This INSPIRE award is partially funded by the Electronic and Photonic Materials Program and the Solid State and Materials Chemistry Program in the Division of Materials Research in the Directorate for Mathematical and Physical Sciences; and the Nanomanufacturing Program in the Division of Civil, Mechanical and Manufacturing Innovation in the Directorate for Engineering.
Structure-property relationships have long driven the discovery of novel materials. Optical metamaterials, a composite through structural design to achieve unprecedented materials properties, e.g., negative index of refraction and cloaking, introduce a new dimension in materials science. Metamaterials research has conventionally taken a "structures-determine-properties" approach.
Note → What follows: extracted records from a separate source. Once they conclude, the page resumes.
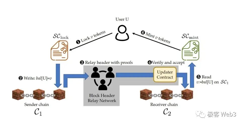 在很多基于轻客户端方案的跨链桥中,常常会用到上面讲到的,轻节点和Merkle Proof的轻量与简洁性。比如说,Map Protocol等ZK桥,会在ETH链上设置一个合约,专门接收其他链的区块头(比如Polygon)。当Relayer向ETH链上的合约,提交Polygon第100个区块的header后,合约会验证header的有效性(比如是否凑足了Polygon网络内2/3 POS节点的签名)。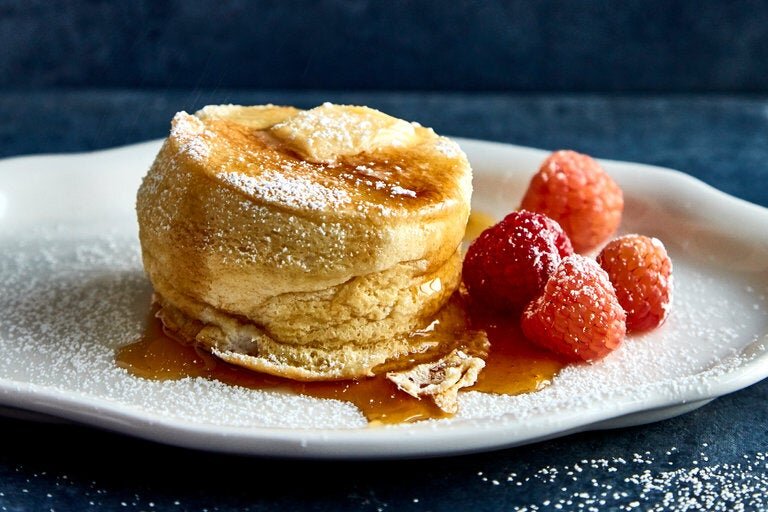 Японские суфле-панкейки готовятся из тех же ингредиентов, что и американские, а именно из яиц, муки и молока, но они намного выше традиционных панкейков благодаря добавлению дополнительных яичных белков. Белковую смесь взбивают до образования жестких пиков, затем аккуратно вводят в тесто, которое готовится непосредственно в металлических кольцах для выпечки, чтобы помочь панкейкам достичь своей характерной высоты. Самое главное - готовить тесто на очень медленном огне. Если на вашей плите есть маленькая конфорка или особенно низкий уровень нагрева, используйте его здесь, чтобы приготовить эти нежные панкейки, которые подойдут для завтрака, полдника или даже десерта. ИНГРЕДИЕНТЫ: ПРИГОТОВЛЕНИЕ: Приятного аппетита!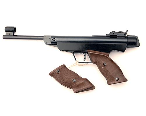 A .177 BREAK-BARREL AIR-PISTOL SIGNED ORIGINAL, MODEL '5G', no visible serial number, circa 1980, with 7in. sighted barrel, plain air-chamber, black painted alloy frame and anatomical right-hand plastic grips, complete with a spare pair of left-hand plastic grips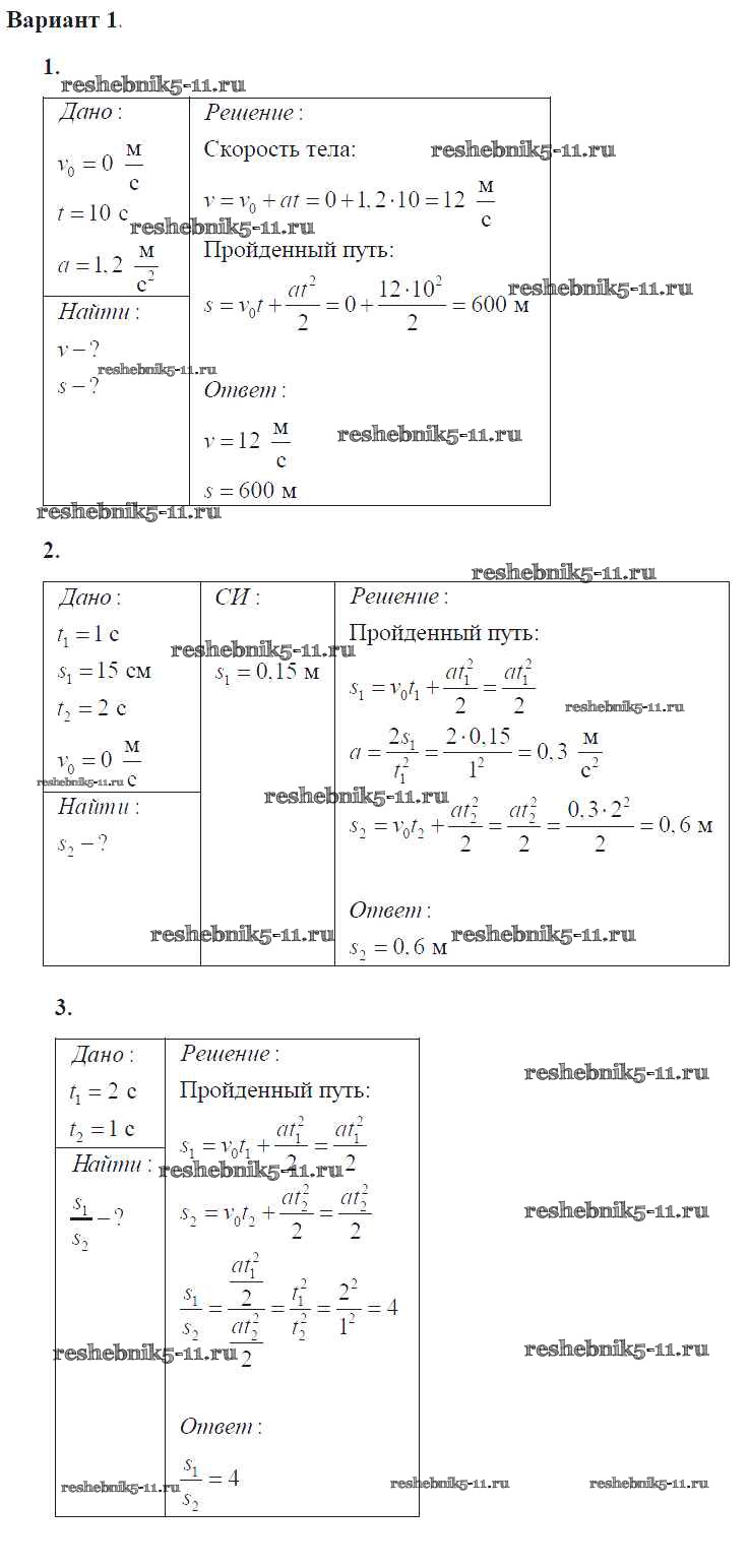 Физика за 9 класс Марон Самостоятельные и контрольные работы УМК Дрофа ср-8. вариант 1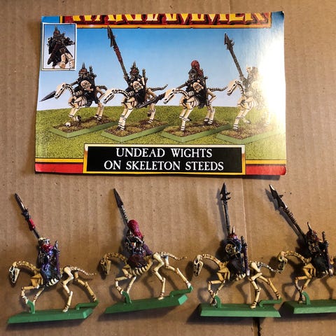 Warhammer Fantasy Undead Mounted Wight Horn Blower, Bearer og Champion. Figurerne er metal, hestene er plastic. Meget sjældne figurer

Material properties using rationally designed symmetry-breaking structures that can be realized by top-down fabrication methods such as lithography result in strongly anisotropic but small-scale metamaterials. Conventional self-assembly approaches, which may offer advantages of scalability and cost effectiveness, often result in simple structures with high degree of symmetry because complex and symmetry-broken structures are usually not thermodynamically favorable. In this project, combining material chemistry with optical physics, the investigators aim to overcome aforementioned critical challenges by exploring a path-breaking new approach of "properties-determine-structures" for scalable synthesis of a new class of metamaterials with unique properties, or properties not found in nature. Through the study of the symmetry effects of nanocomposites and models of plasmon-mediated self-assemblies, the team is developing new feedback strategies for controlling self-assembly processes. Plasmon is collective oscillation of electrons on metal surfaces. Using such autonomous feedback mechanisms, the final material properties dictate the material structural evolution during self-assembly, thereby achieving the desired complex symmetry-breaking structures.
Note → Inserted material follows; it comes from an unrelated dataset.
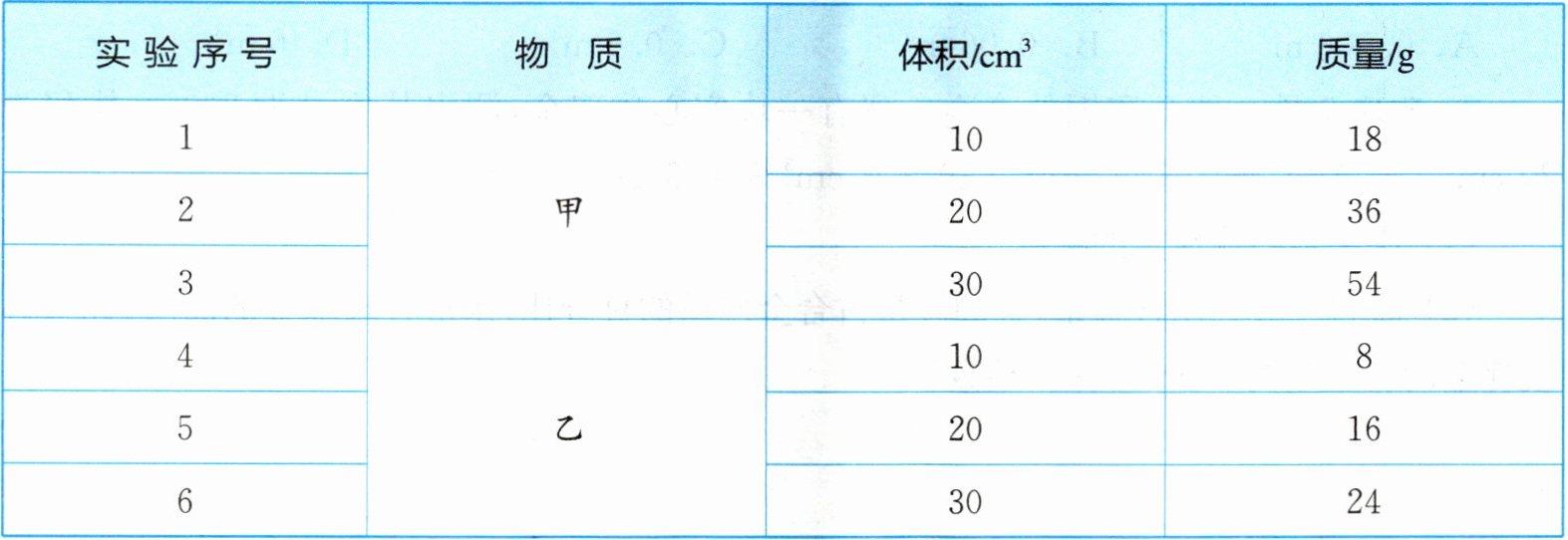|实验序号|物质|体积$/cm^{3}$|质量$/g$|

Non-technical Description: This interdisciplinary project brings together researchers from optics and chemistry to develop a revolutionary self-assembly route to large-scale synthesis of materials with complex symmetries that go far beyond materials fabricated or synthesized through conventional techniques. Light itself is used to guide the assembly into the desired structures. The team integrates this research project with education activities. For instance, the nanochemistry, optical physics, fabrication, optical/chemical characterization, and computational techniques developed in this project provide a multidisciplinary setting for training students to be next generation of leaders in science and engineering. This collaborative project aims to reshape materials research in both optical physics and material chemistry with a profound impact on a broad range of applications in manufacturing, energy technology and health care.